Genome-Wide Characterization of the Fur Regulatory Network Reveals a Link between Catechol Degradation and Bacillibactin Metabolism in Bacillus subtilis

The ferric uptake regulator (Fur) is the global iron biosensor in many bacteria. Fur functions as an iron-dependent transcriptional repressor for most of its regulated genes. There are a few examples where holo-Fur activates transcription, either directly or indirectly.
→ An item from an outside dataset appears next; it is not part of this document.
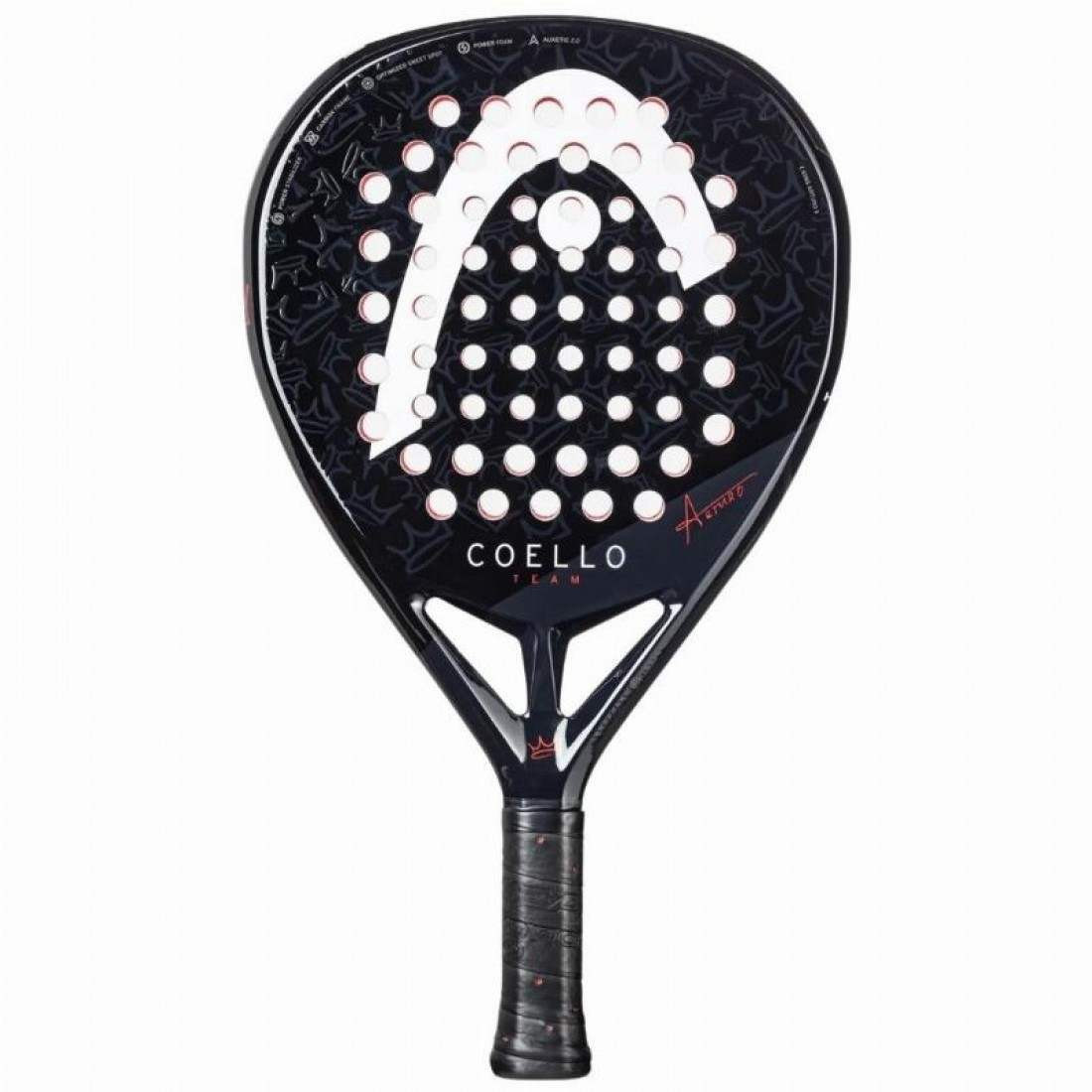 Pala Head Arturo Coello Team 2025REF: 225035 EAN: 198772015756La Head Arturo Coello Team 2025 es la pala perfecta para quienes buscan un equilibrio entre potencia, control y comodidad en la pista. Diseñada en colaboración con el número uno del mundo, Arturo Coello, este modelo destaca por su rigidez más suave dentro de la gama del campeón, permitiendo golpes explosivos sin perder maniobrabilidad ni estabilidad.Con un elegante diseño en forma de diamante, esta pala ha sido creada para jugadores de nivel intermedio y avanzado que desean mejorar su juego ofensivo con una potencia fácil a velocidades de bola más bajas. Su estructura combina innovación y materiales de alta calidad, asegurando un rendimiento excepcional en cada golpe.Tecnologías destacadas:Auxetic 2.0: Una evolución en la tecnología de absorción de impactos, mejorando la sensación de golpeo y optimizando la transferencia de energía desde la cara de la pala hasta la mano.Permite mayor precisión y confort en cada impacto.Power Foam: Una espuma reactiva que maximiza la potencia en golpes ofensivos como el smash, X3, X4 y víbora, proporcionando un rebote más explosivo y una mayor respuesta en el juego rápido.Optimized Sweet Spot: El diseño de los agujeros ha sido estratégicamente distribuido para ampliar el punto dulce, asegurando mayor facilidad de golpeo en toda la superficie de la pala.Carbon Frame: Construcción de marco de carbono que proporciona mayor rigidez y reactividad, maximizando la transmisión de energía en cada golpe.Power Stabilizer: Un sistema diseñado para mejorar la estabilidad de la pala en swings rápidos, aportando mayor control sin perder potencia.Graphene Inside: La incorporación de Graphene refuerza el marco, optimiza la salida de bola y aumenta la resistencia de la pala para un rendimiento más duradero.Anti Shock Skin Padel: Un protector especial de polímero que prolonga la vida útil de la pala al protegerla contra golpes y arañazos. Se puede reemplazar fácilmente para mantener la pala en óptimas condiciones.Diseño exclusivo:Inspirada en el talento y agresividad de Arturo Coello, esta pala no solo ofrece un rendimiento superior, sino que también destaca por su estética premium. Incorpora detalles personales del jugador, como su logotipo de corona y firma, combinados con un acabado brillante y llamativo que refleja su dominio en la pista.Conclusión:La Head Arturo Coello Team 2025 es la pala ideal para jugadores que buscan potencia sin esfuerzo, estabilidad en la red y una sensación inigualable en cada golpe. Su combinación de tecnologías innovadoras la convierte en una herramienta de alto rendimiento para quienes desean perfeccionar su juego ofensivo. Con la confianza del número uno del mundo, esta pala es una apuesta segura para dominar la pista con potencia y precisión.

Recent studies suggest that apo-Fur might also act as a positive regulator and that, besides iron metabolism, the Fur regulon might encompass other biological processes such as DNA synthesis, energy metabolism, and biofilm formation. Here, we obtained a genomic view of the Fur regulatory network in Bacillus subtilis using chromatin immunoprecipitation sequencing (ChIP-seq). Besides the known Fur target sites, 70 putative DNA binding sites were identified, and the vast majority had higher occupancy under iron-sufficient conditions. Among the new sites detected, a Fur binding site in the promoter region of the catDE operon is of particular interest. This operon, encoding catechol 2,3-dioxygenase, is critical for catechol degradation and is under negative regulation of CatR and YodB. These three repressors (Fur, CatR, and YodB) function cooperatively to regulate the transcription of catDE, with Fur functioning as a sensor of iron limitation and CatR as the major sensor of catechol stress. Genetic analysis suggests that CatDE is involved in metabolism of the catecholate siderophore bacillibactin, particularly when bacillibactin is constitutively produced and accumulates intracellularly, potentially generating endogenous toxic catechol derivatives. This study documents a role for catechol degradation in bacillibactin metabolism and provides evidence that catechol 2,3-dioxygenase can detoxify endogenously produced catechol substrates in addition to its more widely studied role in biodegradation of environmental aromatic compounds and pollutants.